Yeongdong area is located on the border zone between Precambrian Yeongnam massif and central southeastern Ogcheon metamorphic belt, in which Cretaceous Yeongdong sedimentary basin exists. Main geology in this area consists of Precambrian Sobaeksan gneiss complex, Mesozoic igneous and sedimentary rocks and Quaternary alluvial deposits. Above this, age-unknown Ogcheon Supergroup, Paleozoic sedimentary rocks and Tertiary granites also occur in small scale in the northwestern part. This study focuses on the link between the various geology and Rn concentrations in groundwater. For this, twenty wells in alluvial/weathered zone and sixty bedrock aquifer wells were used.

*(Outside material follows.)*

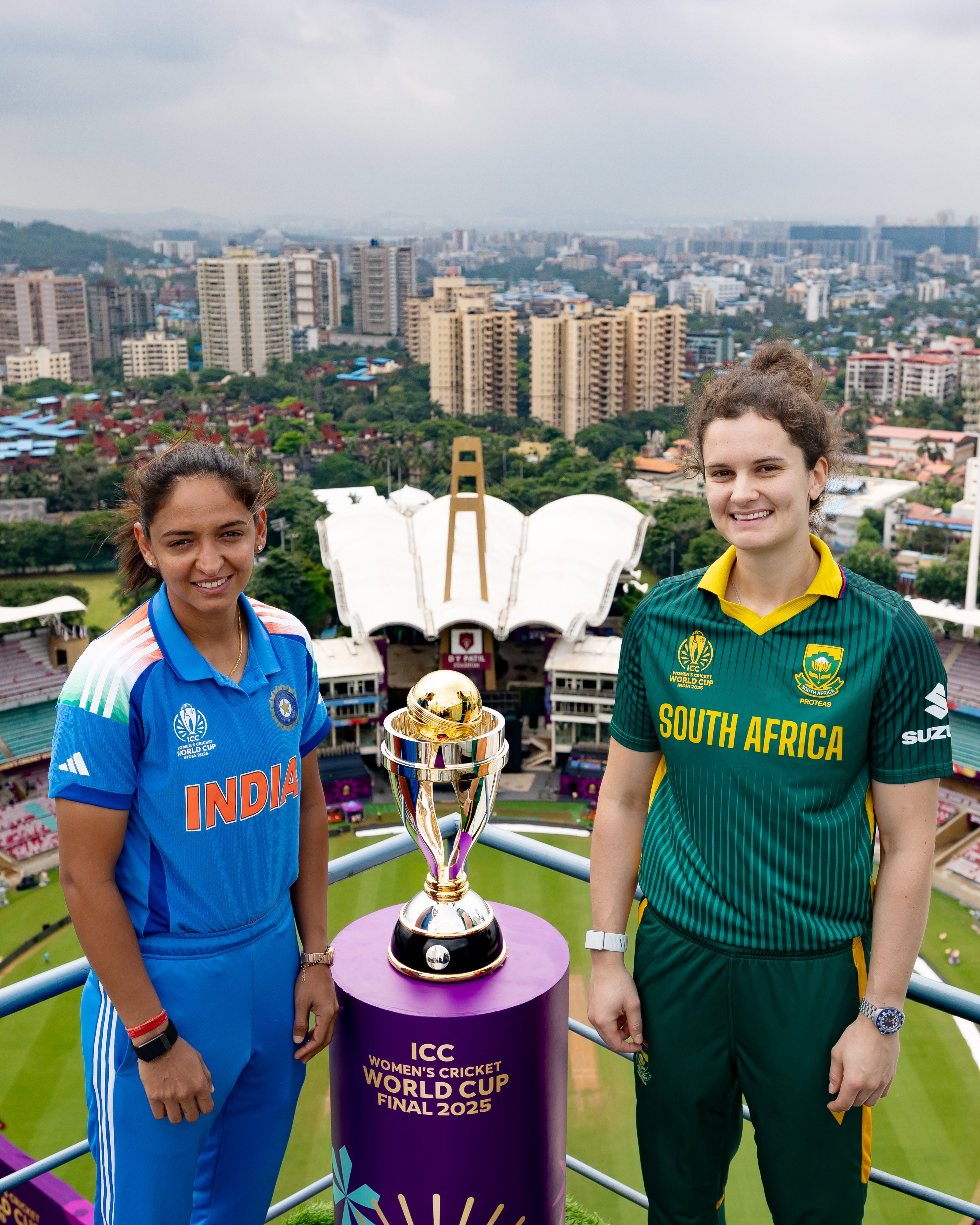 शनिवार को भारतीय कप्तान हरमनप्रीत कौर और साउथ अफ्रीका की कप्तान लौरा वोल्वार्ट का ट्रॉफी के साथ फोटो शूट हुआ। ICC ने फोटो सोशल मीडिया पर शेयर की।

Groundwater sampling campaigns were twice run at wet season in August 2015 and dry season in March 2016. Some wells placed in alluvial/weathered part of Precambrian metamorphic rocks and Jurassic granite terrains, as well as Cretaceous porphyry, showed elevated Rn concentrations in groundwater. However, detailed geology showed the distinct feature that these high-Rn groundwaters in metamorphic and granitic terrains are definitely related to proximity of aquifer rocks to Cretaceous porphyry in the study area. The deeper wells placed in bedrock aquifer showed that almost the whole groundwaters in biotite gneiss and schist of Sobaeksan gneiss complex and in Cretaceous sedimentary rocks of Yeongdong basin have low level of Rn concentrations. On the other hand, groundwaters occurring in rock types of granitic gneiss or granite gneiss among Sobaeksan gneiss complex have relatively high Rn concentrations. And also, groundwaters occurring in the border zone between Triassic Cheongsan granites and two-mica granites, and in Jurassic granites neighboring Cretaceous porphyry have relatively high Rn concentrations. Therefore, to get probable and meaningful results for the link between Rn concentrations in groundwater and surrounding geology, quite detailed geology including small-scaled dykes or vein zones should be considered. Furthermore, it is necessary to take account of the spatial proximity of well location to igneous rocks associated with some mineralization/hydrothermal alteration zone rather than in-situ geology itself.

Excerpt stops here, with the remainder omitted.